The school board is looking to collaborate with Representative David Bowen to actively oppose or support bills that would affect the school district, similar to the resolution passed which opposed Assembly Bill 469, which discriminated against students who are transgender.

Representative David Bowen serves District 10 – Milwaukee and Shorewood – in the state legislature.

School Board President, Paru Shah, is leading the charge, and says she hopes this will bring positive effects to the district.

“I think an ability to have things that are important to us at the state level … [we want] to have our voices heard,” Shah said.

Abby Schill, sophomore, believes this collaboration would be beneficial.

“If you have a person in the government saying ‘I don’t want that; they don’t want that’ it would help our voice be heard,” Schill said.

“The whole idea is that we will meet more regularly … We have similar interests,” Shah said. “He has interests in education moving forward.”

John Jacobson, social studies department chair, feels strongly about state legislature addressing education concerns.

“The state legislature operates in a manner that’s quite frankly hostile towards public education … the Shorewood School District functions in a way that’s healthy for public education,” Jacobson said. “I hope that they’ll listen to us and I hope that they will start to function in a way that’s more responsible for educating children.”

Shah and Bowen have met once and had preliminary discussion about collaboration.

“We met originally to combat some of the stuff that’s coming out of our state legislature currently,” Shah said. “We talked about things that he wants to push forward that Shorewood I think would be interested in.”

Such items included the future of the Chapter 220 program and restorative justice. Rep.
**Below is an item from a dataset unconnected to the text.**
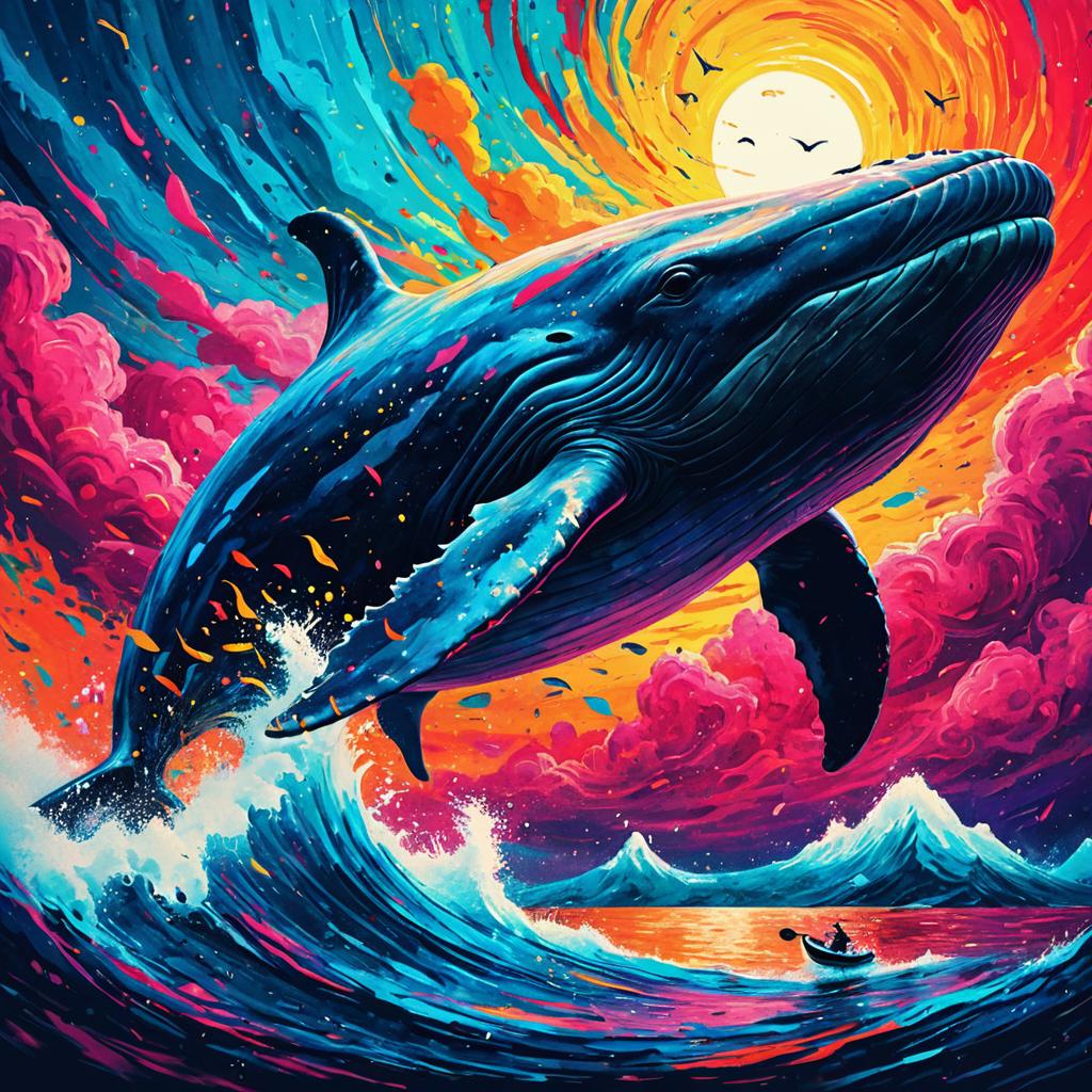 Surrealistic 8K illustration featuring a whale swimming in a sky of paint strokes, rendered with vibrant and intense colors. The scene includes dynamic brush textures and vibrant blending and a dreamlike atmosphere with surreal, high-quality ultra-detailed lighting.

Bowen would like to draw from Shorewood’s experiences to further his plans for legislation.

“Shorewood is one of the few school districts in Wisconsin that has taken [restorative justice] on,” Shah said. “He would want to have more conversations about us: ways that we’ve implemented, things that we’ve seen.”

Overall, Shah believes this will be a program that will develop to become something effective.
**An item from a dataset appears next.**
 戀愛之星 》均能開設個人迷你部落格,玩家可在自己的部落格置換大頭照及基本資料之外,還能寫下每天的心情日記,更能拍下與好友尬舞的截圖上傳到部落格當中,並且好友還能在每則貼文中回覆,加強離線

“We just saw this as two groups – school board and him – thinking about ways we can work together to move legislation forward that benefits us,” Shah said.

Schill agrees.

“It would be beneficial to have someone from the state legislature helping our school, and school board and school district get our views into the state legislature,” Schill said.

Jacobson believes the school board can be very effective.

“The current state legislature needs all the advice it can get from the voices that are quite loud on the Shorewood School Board,” Jacobson said.

Shah agrees.

“We’re a small district but we can be very vocal,” Shah said. “We’re a kind of community that if we felt very strongly about something we could mobilize very quickly … that’s something he’s interested in.”